Exercise materials Start Marker

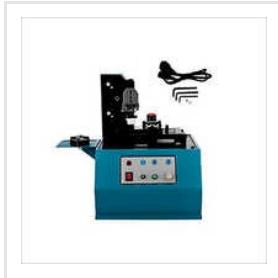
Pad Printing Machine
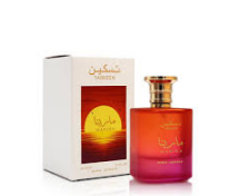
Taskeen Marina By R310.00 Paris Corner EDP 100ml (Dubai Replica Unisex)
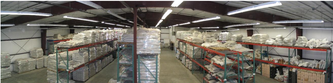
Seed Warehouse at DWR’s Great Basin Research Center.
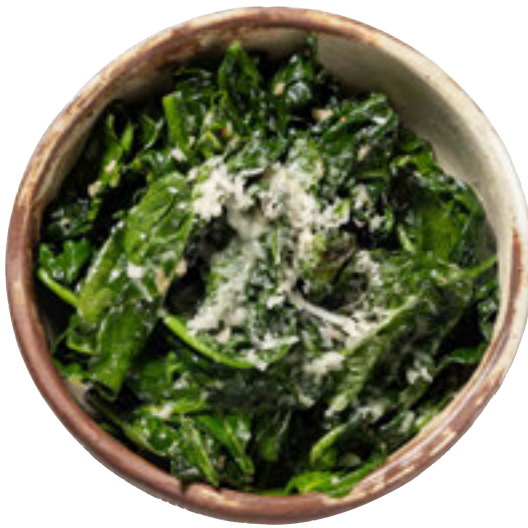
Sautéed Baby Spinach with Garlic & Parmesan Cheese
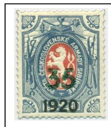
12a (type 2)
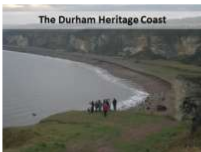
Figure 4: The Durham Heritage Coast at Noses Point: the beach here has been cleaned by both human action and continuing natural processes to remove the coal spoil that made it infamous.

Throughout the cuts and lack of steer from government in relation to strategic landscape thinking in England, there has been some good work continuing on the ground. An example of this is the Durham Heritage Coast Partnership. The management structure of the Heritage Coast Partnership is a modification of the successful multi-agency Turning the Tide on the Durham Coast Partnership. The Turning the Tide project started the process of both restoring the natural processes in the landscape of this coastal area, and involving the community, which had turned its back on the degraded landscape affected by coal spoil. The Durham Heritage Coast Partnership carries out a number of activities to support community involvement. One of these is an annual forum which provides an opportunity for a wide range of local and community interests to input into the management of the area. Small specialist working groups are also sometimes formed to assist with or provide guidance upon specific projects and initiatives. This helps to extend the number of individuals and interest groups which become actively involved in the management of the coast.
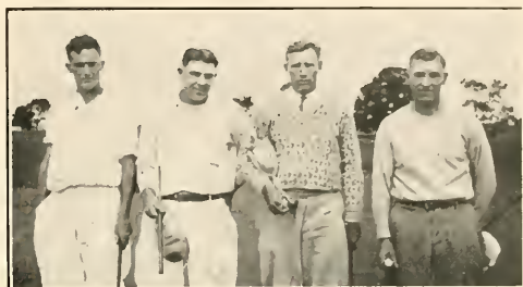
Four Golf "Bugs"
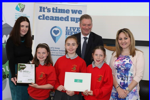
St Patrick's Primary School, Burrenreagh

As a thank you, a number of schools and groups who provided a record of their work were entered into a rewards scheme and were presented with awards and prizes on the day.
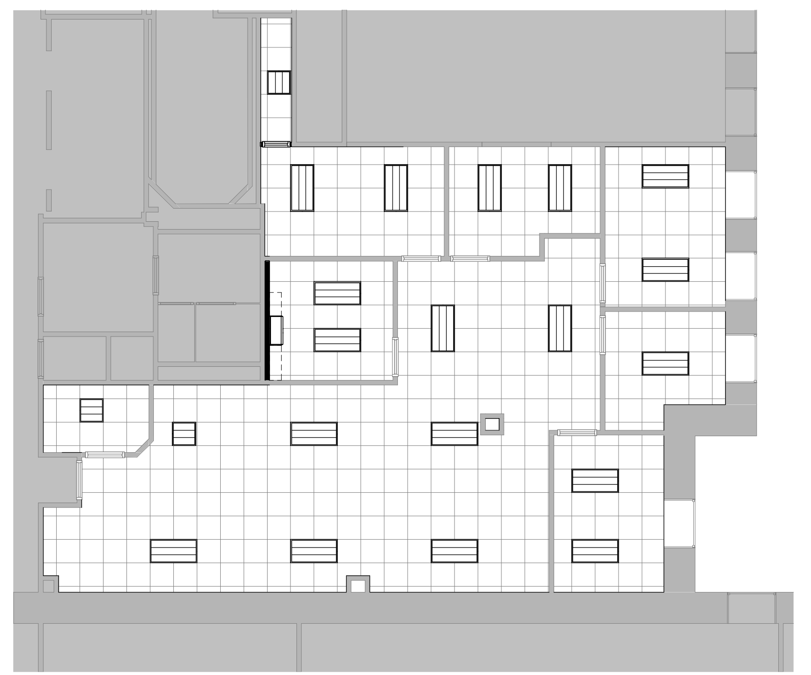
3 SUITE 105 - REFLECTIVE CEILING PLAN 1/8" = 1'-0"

Exercise materials End Marker
Exercise materials Start Marker

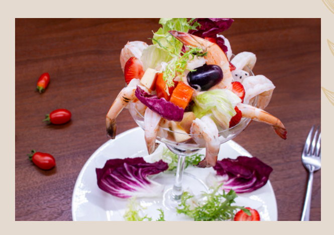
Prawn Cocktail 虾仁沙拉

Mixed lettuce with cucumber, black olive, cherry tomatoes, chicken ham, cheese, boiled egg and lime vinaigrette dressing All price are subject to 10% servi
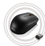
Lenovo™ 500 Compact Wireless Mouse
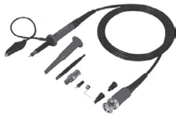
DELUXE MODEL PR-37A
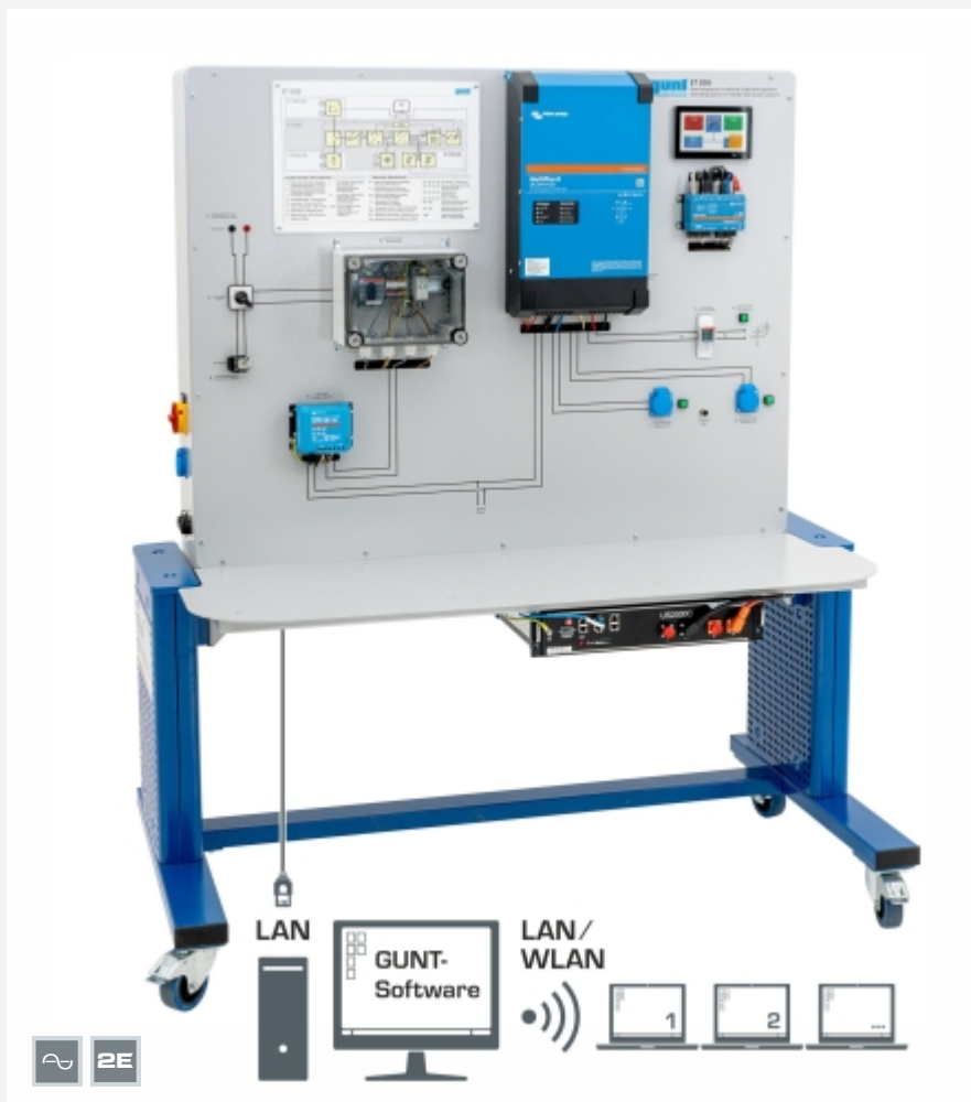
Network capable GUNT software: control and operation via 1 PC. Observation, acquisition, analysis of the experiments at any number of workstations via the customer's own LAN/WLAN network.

Exercise materials End Marker
Exercise materials Start Marker

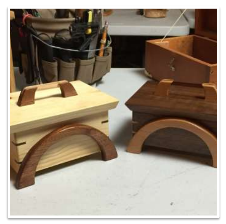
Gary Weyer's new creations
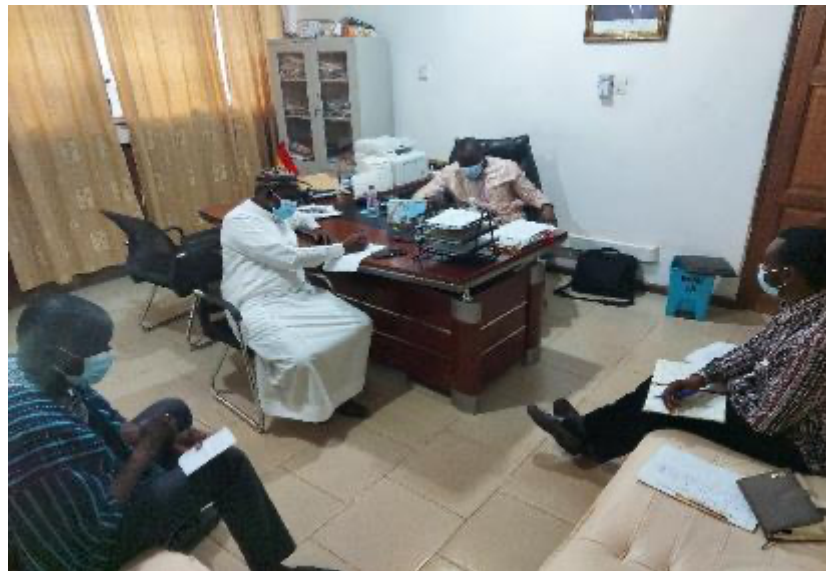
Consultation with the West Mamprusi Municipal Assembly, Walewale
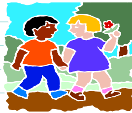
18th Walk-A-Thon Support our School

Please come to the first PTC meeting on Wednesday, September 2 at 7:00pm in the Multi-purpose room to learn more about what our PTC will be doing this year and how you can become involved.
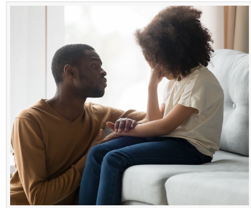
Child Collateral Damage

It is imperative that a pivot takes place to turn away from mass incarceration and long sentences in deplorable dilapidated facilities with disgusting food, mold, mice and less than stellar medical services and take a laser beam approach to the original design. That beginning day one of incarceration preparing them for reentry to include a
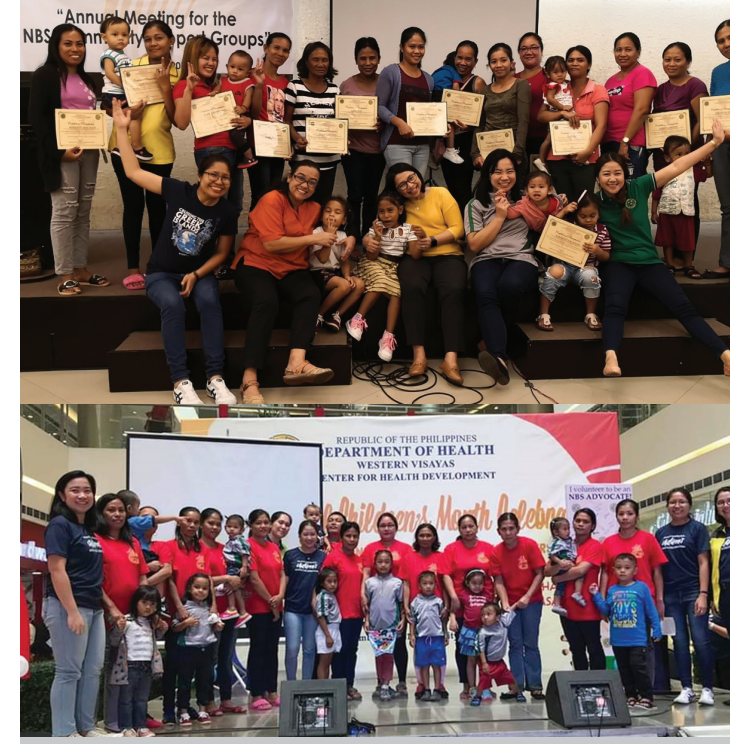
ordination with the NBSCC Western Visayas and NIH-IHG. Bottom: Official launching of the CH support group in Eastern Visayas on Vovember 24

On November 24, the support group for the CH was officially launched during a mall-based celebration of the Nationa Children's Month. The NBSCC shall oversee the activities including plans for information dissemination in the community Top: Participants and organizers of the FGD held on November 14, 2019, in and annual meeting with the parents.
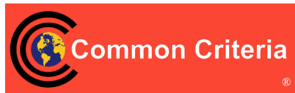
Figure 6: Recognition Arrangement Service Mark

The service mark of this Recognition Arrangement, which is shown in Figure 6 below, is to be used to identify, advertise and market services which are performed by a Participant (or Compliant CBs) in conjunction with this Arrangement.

Exercise materials End Marker

* Your objective *
All that is needed is how many lines of the listing hold the word "Figure", stated as one number.

* Answer for the task *
3